Sourced largely from local children, the “revolting children” are actually anything but. Each child makes their mark on stage without losing their ensemble quality and it is easy to see that they are well-trained singers, dancers and actors. The children open the show and provide some of the strongest scenes of the musical.
It should be added here that the production is done using British accents and most of the children were quite adept at using the accent, a feat many adult actors cannot even manage.

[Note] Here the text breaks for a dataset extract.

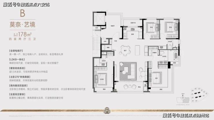 建面约178方四房两厅三卫:这款户型,则站在追求品质改善人群的角度,做出了四房三卫双主套设计。

Leading the cast of children is the delightful Ricks as Matilda. Ricks commands the stage as the gifted and overlooked young girl who loves to read, tell stories and has a keen sense of what is right in the world.
Ricks is an 11-year-old Washington County resident and if her starring role as Matilda is any indication, her future on stage is bright.
Overall “Matilda the Musical” proves to be a strong choice for Tuacahn’s 2018 season. It is both sinister and sweet and has a pleasing depth to its storytelling.
“Matilda the Musical” plays on alternating evenings with Tuacahn’s other productions Monday-Saturday until Oct. 18. Tickets range in price from $29-$96 and can be purchased online by calling the box office at 800-746-9882 or 435-652-3300 or in person at the Tuacahn box office located at 1100 Tuacahn Drive in Ivins.
- What: Tuacahn Amphitheater’s production of “Matilda the Musical.”
- When: Alternating evenings, Monday-Saturdays until Oct. 18.
- Where: Tuacahn Amphitheater, 1100 Tuacahn Drive, Ivins.
- Cost: $29-$96.
- Purchase tickets: Online | By calling the box office at 800-746-9882 or 435-652-3300 | At the box office, 1100 Tuacahn Drive, Ivins.